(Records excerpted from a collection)
################

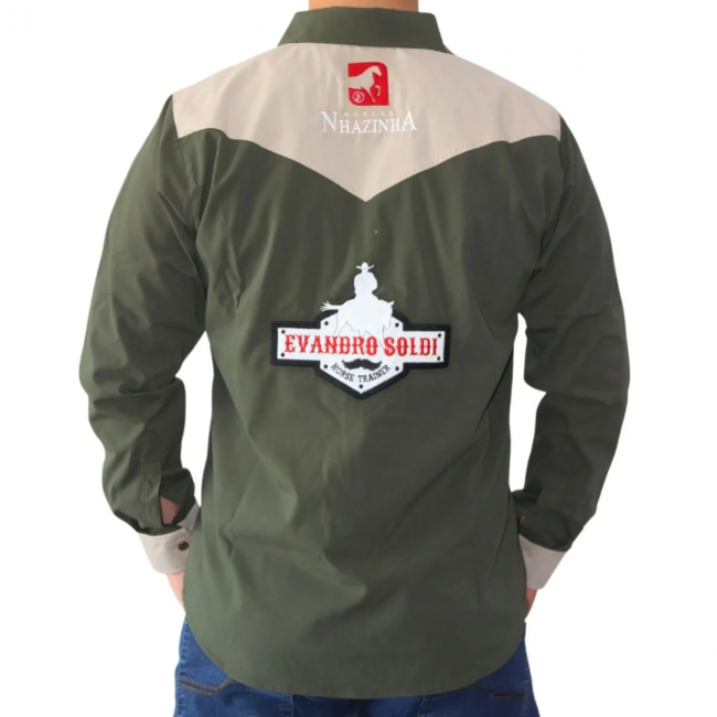 A camisa verde militar manga longa é clássica e perfeita para qualquer combinação. Confeccionada em tricoline e elastano o que deixa a peça super confortável, possui detalhes na pala e punho em kaki, fechamento com botões e 2 bordados nas costas e 2 bordados no peito.
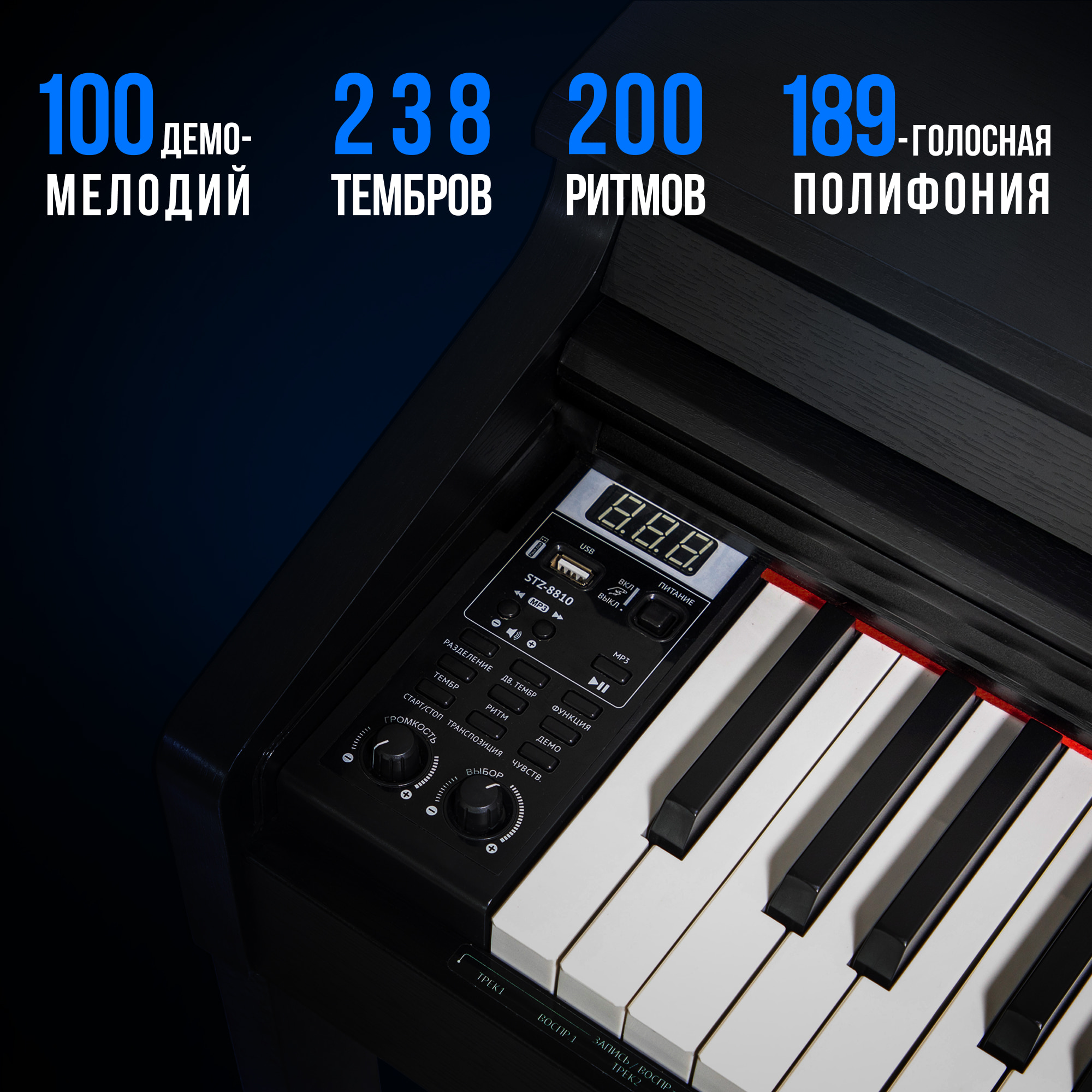 Tesler STZ-8810 — отличный вариант для тех, кто ценит качественный звук и функционал. Инструмент обладает ярким тембром концертного рояля, передающим краски от глубоких басов до хрустальных верхних регистров благодаря мощной стерео-акустической системе.
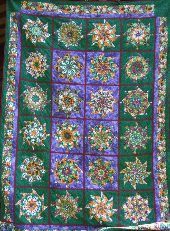 Danese Mardi Gras - This quilt was for my oldest daughter. I quilted the blocks individually and then joined them. The back became a checker board pattern and the upper corner blocks were hand quilted.
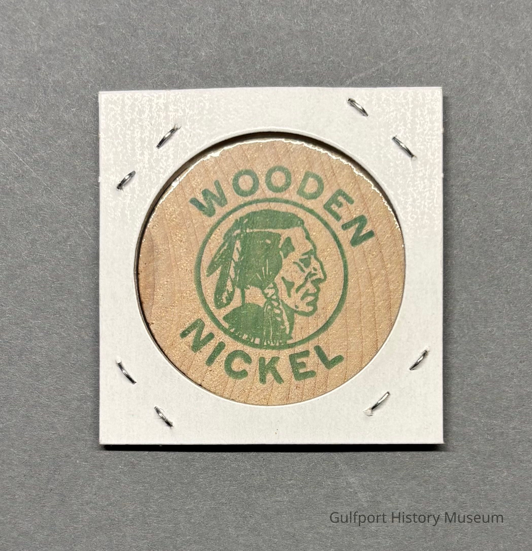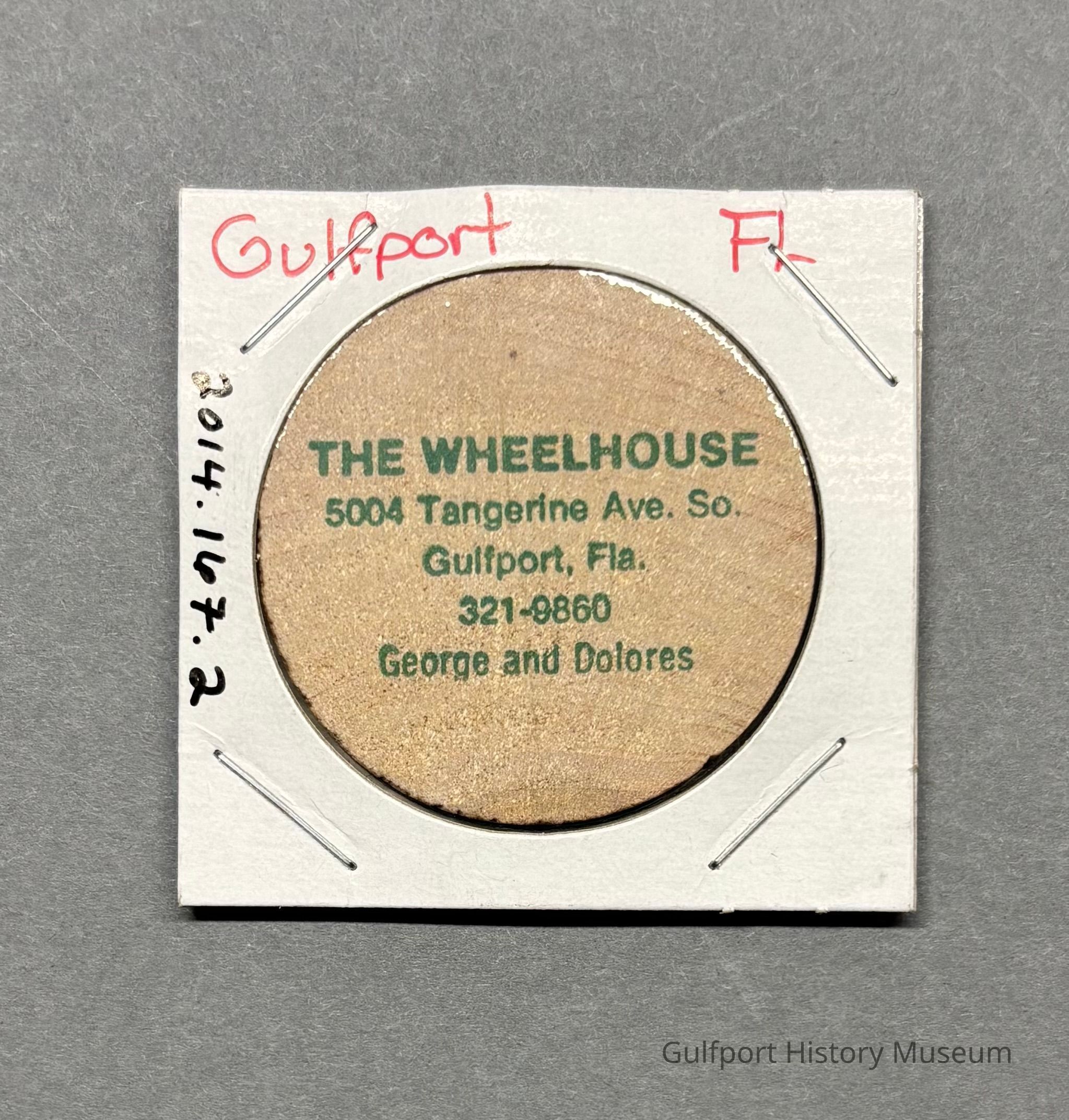 A wooden nickel issued by the Wheelhouse at 5004 Tangerine Ave S.
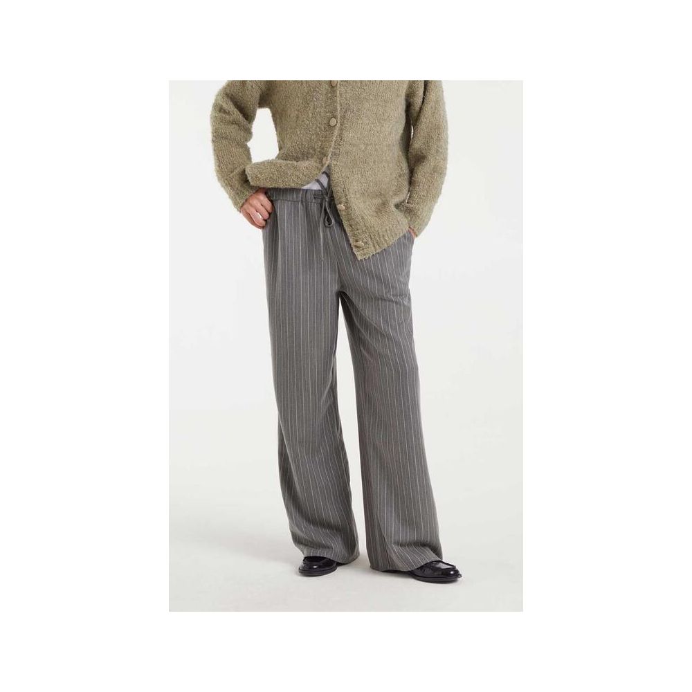 Pantalon à rayures diplomatiques gris. Taille moyenne et élastique à l’arrière. Jambe droite et fermeture par cordon fin. Le mannequin mesure 177 cm et porte la taille S.rnCOMPOSITION : 85 % polyester, 15 % viscose | ENTRETIEN : lavage en machine à l’eau froide, ne pas utiliser d’eau de Javel, ne pas mettre au sèche-linge,…
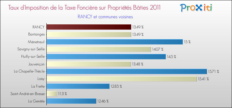 A noter : la valeur moyenne de ce taux de taxe foncière sur le bâti dans les communes françaises similaires à Rancy était de 13.42 %, en 2011.
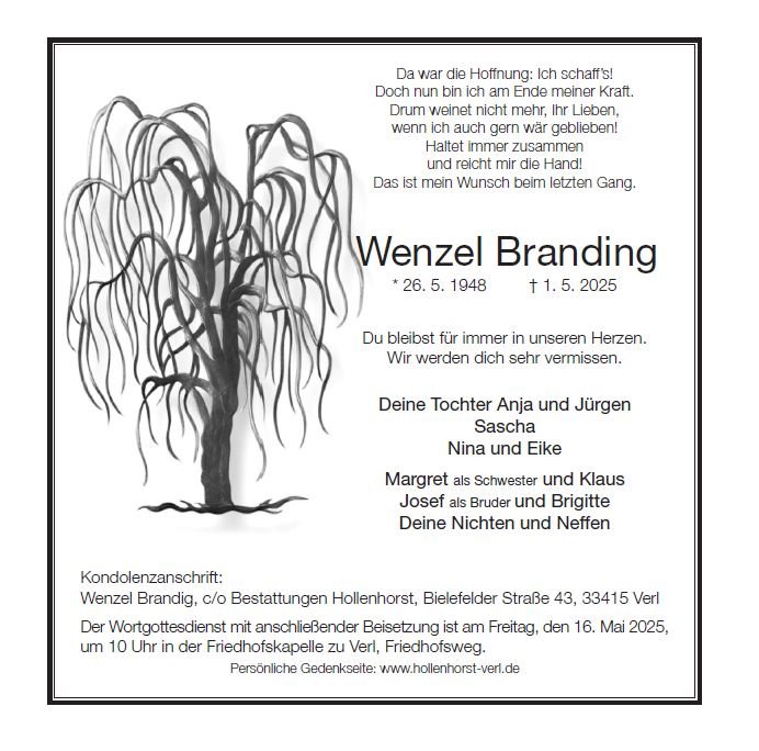 Ganz besonders unsere letzte Begegnung am Abend vor deinem Tod wird Monika und mir in Erinnerung bleiben, als wir uns noch einmal eine Weile mit dir unterhalten durften.
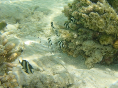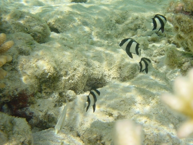 珊瑚周辺にミスジリュウキュウスズメダイの幼稚園がありました♪ 3本の黒いスジが愛らしいです♪ 白っぽいヤツは,デバスズメダイだと思います。
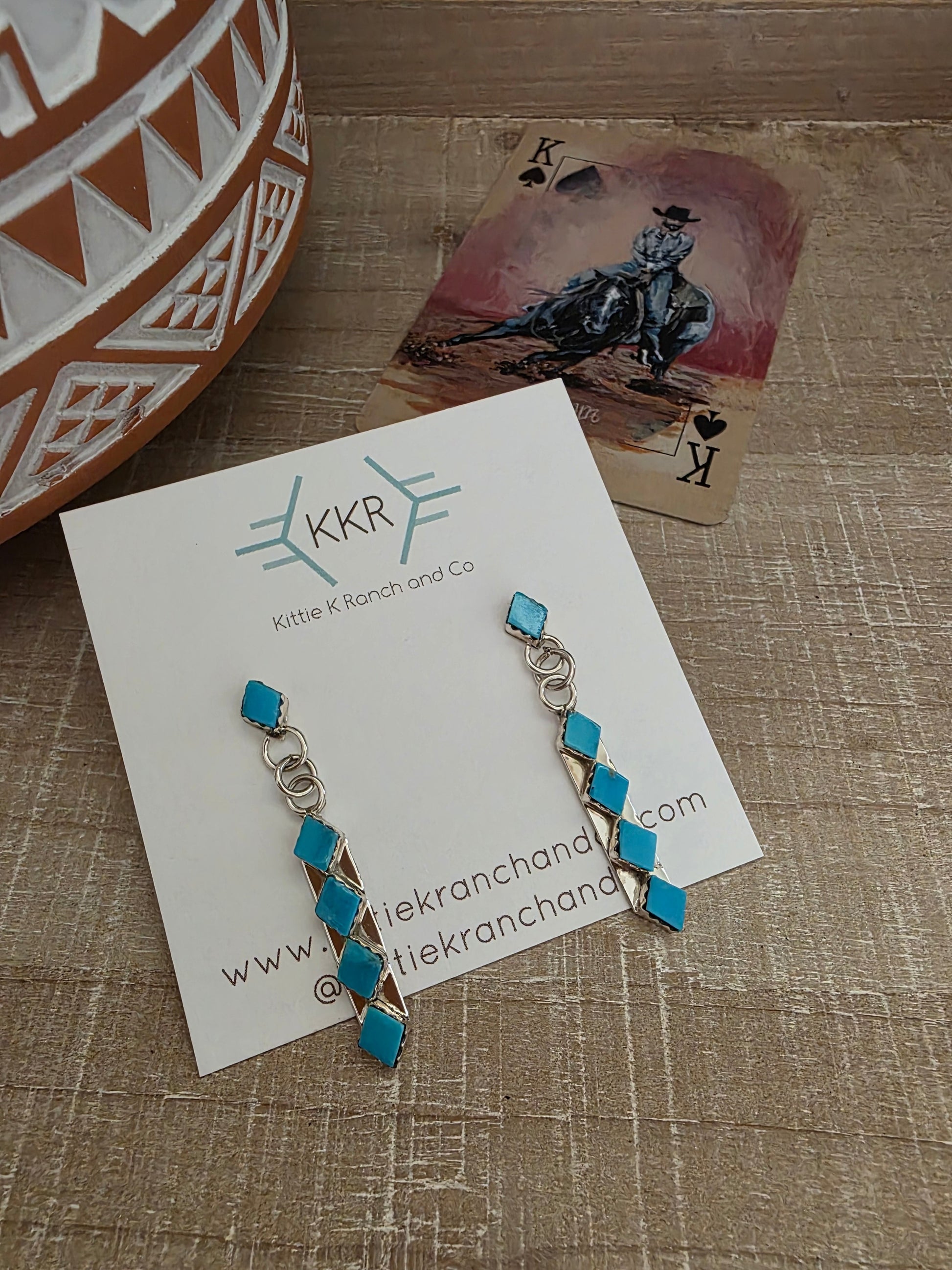 IVY LAMB TURQUOISE DIAMOND CUT DANGLE EARRINGS
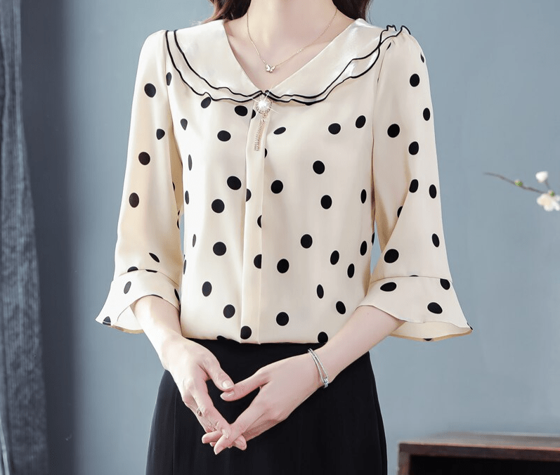 Notre chemisier est fabriqué en mousseline de haute qualité, un tissu léger et respirant qui vous assure un confort optimal tout au long de la journée. Les manches évasées ajoutent une touche de féminité et de style à votre tenue. Le motif à pois, quant à lui, est un classique indémodable qui apporte une touche de fantaisie à votre look. 😍
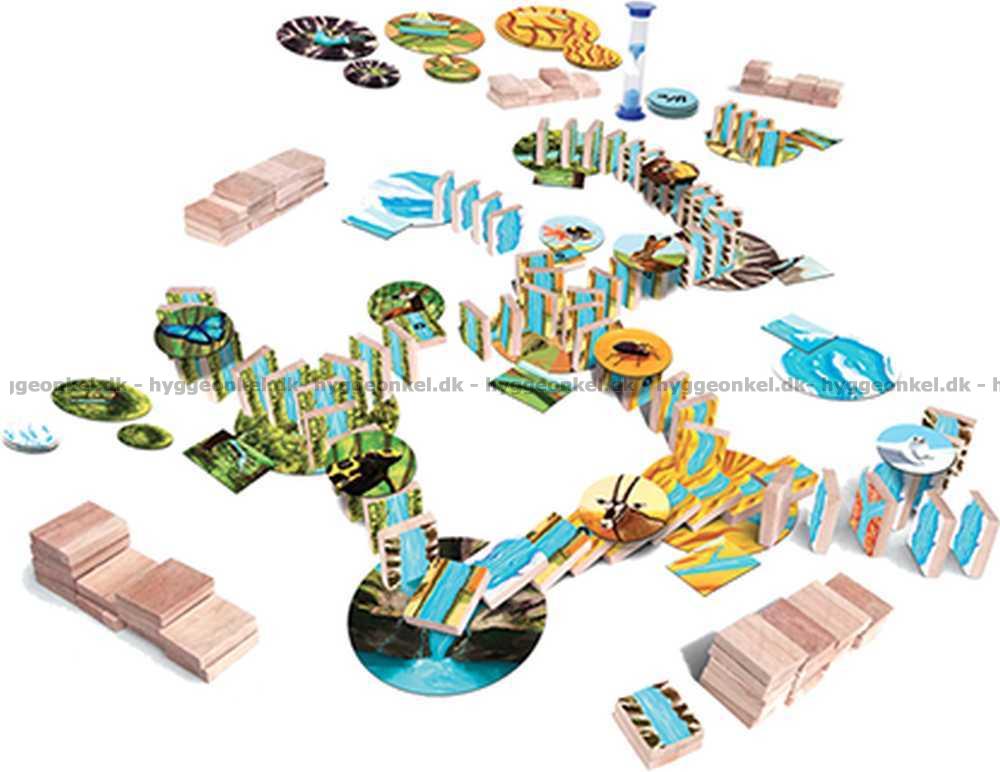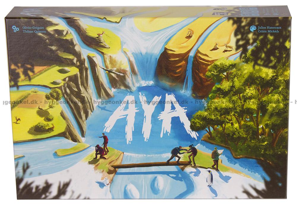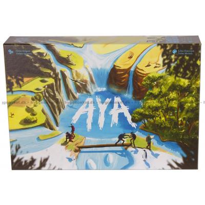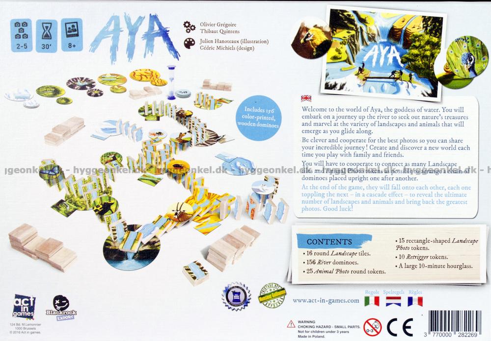 Aya är gudinna över vatten. I detta samarbetsspel ska ni förbinda landskapet med de många dominoträbrickorna, som i slutet av spelet ska välta för att avslöja det slutgiltiga landskapet.
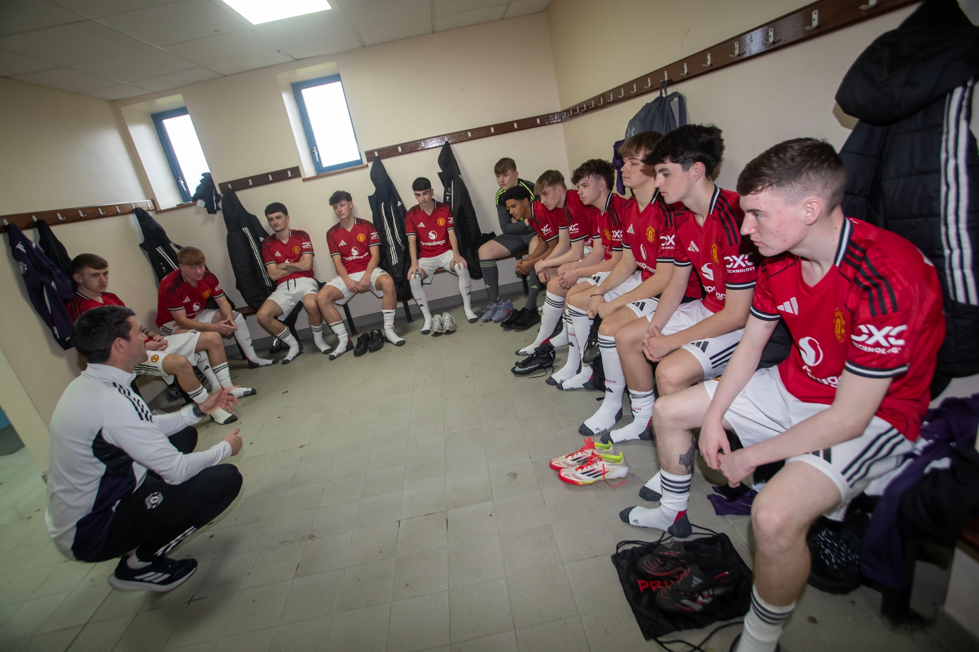 Mr. Declan Lynch, Manchester United Foundation BTEC Football Coach, giving a team talk to the Foundation team at St. Joseph's Boys School last week. (Photos: Jim McCafferty Photography)
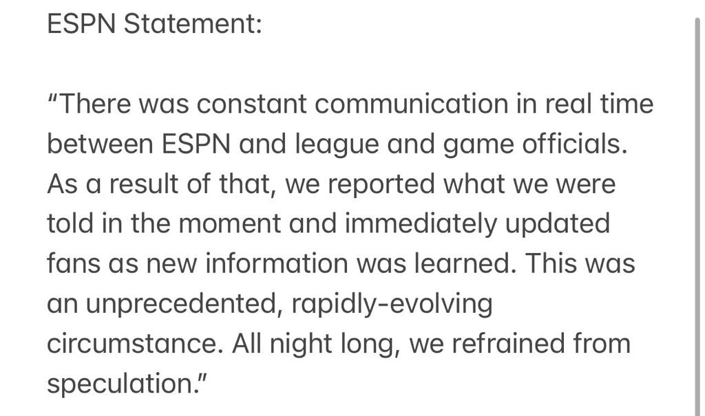 ESPN saying they refrained from speculation all night is such a crock of shite. All they’ve been doing since then is speculating because there’s only been like 5 unique pieces of actual information to come out since he went down.
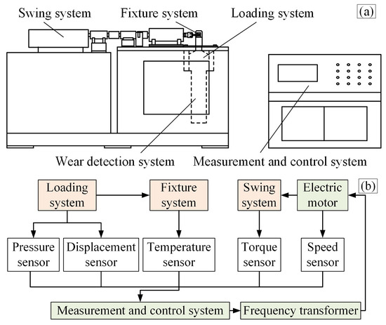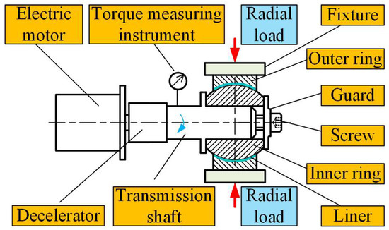 The dynamic detection of the starting torque of the SSPBs was carried out in the laboratory on a high-frequency swing friction and wear tester for the SSPBs. The tester mainly includes a swing system, loading system, fixture system, control system, and so on, and the overall layout of the tester is shown in Figure 3a. Its loading force range is 0–3000 N, with a maximum swing frequency of 35 Hz and a maximum swing angle of 5°, and the detection accuracy of the starting torque is 0.5% FS. The radial loading of the bearing can be realized by the tester, and its motion form can be controlled. At the same time, the friction torque of the bearing, the temperature, and the change in the wear amount of the friction surface can be monitored in real time during the bearing swing.

################

Each record, word for word, should be printed again without its pictures.

__Problem solution__:
 A camisa verde militar manga longa é clássica e perfeita para qualquer combinação. Confeccionada em tricoline e elastano o que deixa a peça super confortável, possui detalhes na pala e punho em kaki, fechamento com botões e 2 bordados nas costas e 2 bordados no peito.
 Tesler STZ-8810 — отличный вариант для тех, кто ценит качественный звук и функционал. Инструмент обладает ярким тембром концертного рояля, передающим краски от глубоких басов до хрустальных верхних регистров благодаря мощной стерео-акустической системе.
 Danese Mardi Gras - This quilt was for my oldest daughter. I quilted the blocks individually and then joined them. The back became a checker board pattern and the upper corner blocks were hand quilted.
 A wooden nickel issued by the Wheelhouse at 5004 Tangerine Ave S.
 Pantalon à rayures diplomatiques gris. Taille moyenne et élastique à l’arrière. Jambe droite et fermeture par cordon fin. Le mannequin mesure 177 cm et porte la taille S.rnCOMPOSITION : 85 % polyester, 15 % viscose | ENTRETIEN : lavage en machine à l’eau froide, ne pas utiliser d’eau de Javel, ne pas mettre au sèche-linge,…
 A noter : la valeur moyenne de ce taux de taxe foncière sur le bâti dans les communes françaises similaires à Rancy était de 13.42 %, en 2011.
 Ganz besonders unsere letzte Begegnung am Abend vor deinem Tod wird Monika und mir in Erinnerung bleiben, als wir uns noch einmal eine Weile mit dir unterhalten durften.
 珊瑚周辺にミスジリュウキュウスズメダイの幼稚園がありました♪ 3本の黒いスジが愛らしいです♪ 白っぽいヤツは,デバスズメダイだと思います。
 IVY LAMB TURQUOISE DIAMOND CUT DANGLE EARRINGS
 Notre chemisier est fabriqué en mousseline de haute qualité, un tissu léger et respirant qui vous assure un confort optimal tout au long de la journée. Les manches évasées ajoutent une touche de féminité et de style à votre tenue. Le motif à pois, quant à lui, est un classique indémodable qui apporte une touche de fantaisie à votre look. 😍
 Aya är gudinna över vatten. I detta samarbetsspel ska ni förbinda landskapet med de många dominoträbrickorna, som i slutet av spelet ska välta för att avslöja det slutgiltiga landskapet.
 Mr. Declan Lynch, Manchester United Foundation BTEC Football Coach, giving a team talk to the Foundation team at St. Joseph's Boys School last week. (Photos: Jim McCafferty Photography)
 ESPN saying they refrained from speculation all night is such a crock of shite. All they’ve been doing since then is speculating because there’s only been like 5 unique pieces of actual information to come out since he went down.
 The dynamic detection of the starting torque of the SSPBs was carried out in the laboratory on a high-frequency swing friction and wear tester for the SSPBs. The tester mainly includes a swing system, loading system, fixture system, control system, and so on, and the overall layout of the tester is shown in Figure 3a. Its loading force range is 0–3000 N, with a maximum swing frequency of 35 Hz and a maximum swing angle of 5°, and the detection accuracy of the starting torque is 0.5% FS. The radial loading of the bearing can be realized by the tester, and its motion form can be controlled. At the same time, the friction torque of the bearing, the temperature, and the change in the wear amount of the friction surface can be monitored in real time during the bearing swing.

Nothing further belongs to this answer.